MMM.. just talking about it makes me feel like I’m eating rainbows while somebody is pouring sprinkles atop my head.
As you can probably see, I’m pretty passionate about teamwork. I’m passionate about recognizing what each person specializes in, how he specifically contributes to the larger picture, and how that can be best utilized. Because of this, I have gravitated toward “team”, and over time have developed several successful teams. These are a couple principles for those of you who are building teams of your own, that I have found to be foundational.
- A healthy team eats together and laughs together! You may think it strange I chose to put this at the top of the list, but I have this to be true again and again and again. I can’t explain it, but regularly including food in your gatherings and laughing easily is foundational to a dream team.
- A healthy team is uncomplicated, and this starts on the individual level. To me, being uncomplicated means that you exist to make your teammates’ lives simpler. You are committed to being easy to work with. Uncomplicated individuals on a team are always well prepared, communicate effectively, are on time, and regularly ask for feedback.
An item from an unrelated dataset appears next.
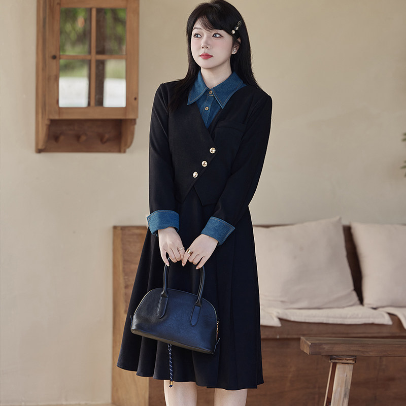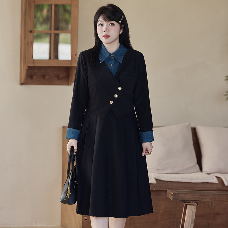 绮娑女装冬季新款polo领收腰A字法式长裙显瘦胖MM大码磨毛连衣裙

- A healthy team assumes positive intent. Our stunning Drama Director Danielle Summers has brought this expression into our Creative Arts department, and I LOVE it! Whenever a potential issue arises that deals with another teammate, a healthy team will always simply assume positive intent.
- A healthy team trusts each other. Like anything worth having, trust takes intentionality and time. Trust happens when the team is lovingly honest with each other and never punished for that honesty. Leaders, take note too, that the healthy kind of trust ALWAYS happens top-down, meaning that you must first place trust in your team before they learn to reciprocate.
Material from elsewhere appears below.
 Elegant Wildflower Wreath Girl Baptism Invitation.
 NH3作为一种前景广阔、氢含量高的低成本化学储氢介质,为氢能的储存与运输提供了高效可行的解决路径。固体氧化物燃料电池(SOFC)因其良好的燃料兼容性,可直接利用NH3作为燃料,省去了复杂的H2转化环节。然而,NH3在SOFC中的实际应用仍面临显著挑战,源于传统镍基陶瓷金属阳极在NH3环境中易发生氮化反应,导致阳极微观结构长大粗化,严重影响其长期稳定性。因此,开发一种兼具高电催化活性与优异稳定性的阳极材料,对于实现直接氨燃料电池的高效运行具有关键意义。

- A healthy team finds every reason to celebrate! Another one that I can’t quite explain.. but a team that regularly celebrates together will build people who say “thank you” and “I appreciate you.”
- A healthy team doesn’t take things personally. It just doesn’t. This takes a team of people who are confident and secure individually first, to realize that when changes need to be made, when adjustments happen, or when re-evaluating is necessary, that it is never an attack on personal integrity.
- A healthy team understands its roles. Each person plays a specific role that contributes to the larger picture. It is imperative that everyone understands his own role AND the roles that everyone else plays, so as to utilize strengths and also to respect (and even appreciate) bounds.
Certainly this is not an exhaustive list, but one that has a couple major principles in developing a dream team. I’ve heard it said that “Team is God’s secret weapon on earth,” and I think that is just so true. Together, we go farther.